Next, we used sequence data for individuals for whom we were unable to determine the likely location of acquisition based on partner services information alone. Individuals who clustered (regardless of HIV subtype) were assumed to be associated with either local acquisition or transmission. Examining HIV subtypes among individuals who were born in regions where B is not the most common subtype is informative for the location of infection [20]. Individuals who did not cluster and had a non-B HIV subtype likely acquired HIV outside of the United States (or their local transmission source was unsampled). Among individuals who did not cluster, those who were born in sub-Saharan Africa and have a subtype B HIV virus likely acquired HIV in the United States because subtypes C, D, F and circulating recombinant forms 01AE and 02AG are dominant in sub-Saharan Africa. Lastly, we are unable to infer the location of acquisition among individuals with subtype B who did not cluster and who were born in Asia, Latin/South American, Europe/Canada, Oceania or the Middle East/ North Africa because subtype B circulates more frequently in those regions [20].

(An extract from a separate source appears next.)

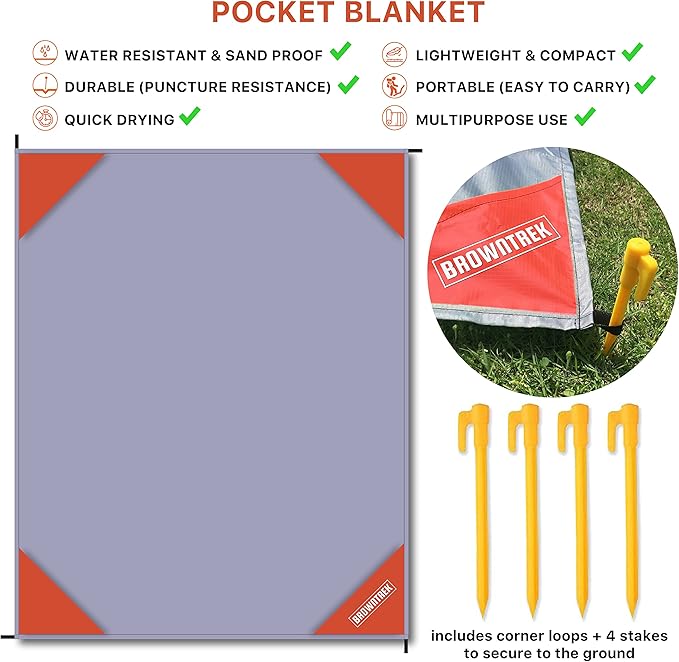 - Compact Lightweight & Durable: Browntrek travel picnic blanket is a compact blanket, lightweight and super small enough to fit in your purse, bag, backpack and even in your pocket. When you unpacked this sand blanket it allows up to 2 Adults or 4 Children to sit comfortably. The corner loops allow you to stick and unstick at any time.

All analyses were conducted in R version 3.4.2 (R Foundation for Statistical Computing, Vienna, Austria) and our scripts are available at https://github.com/dianatordoff/KClocalHIV. This study received ethical approval from the Washington State and University of Washington Institutional Review Boards.

Results

From 2010 to 2018, 2409 King County residents were diagnosed with HIV and categorized as new infections based on the NHSS definition. Of these 2409 individuals, 798 were born outside of the United States. Among King County residents who were born outside of the United States: 37% were born in Latin/Southern America, 29% in sub-Saharan Africa, 15% in Asia, 9% in Europe or Canada, 5% in Oceania and 3% were born in the Middle East or North Africa (Table 1). One hundred and fifty-five people had an unknown or unspecified country of birth and were excluded from our analysis. The proportion of King County cases that were foreign-born increased from 17% in 2010 to 33% in 2017 (Supplemental Digital Content).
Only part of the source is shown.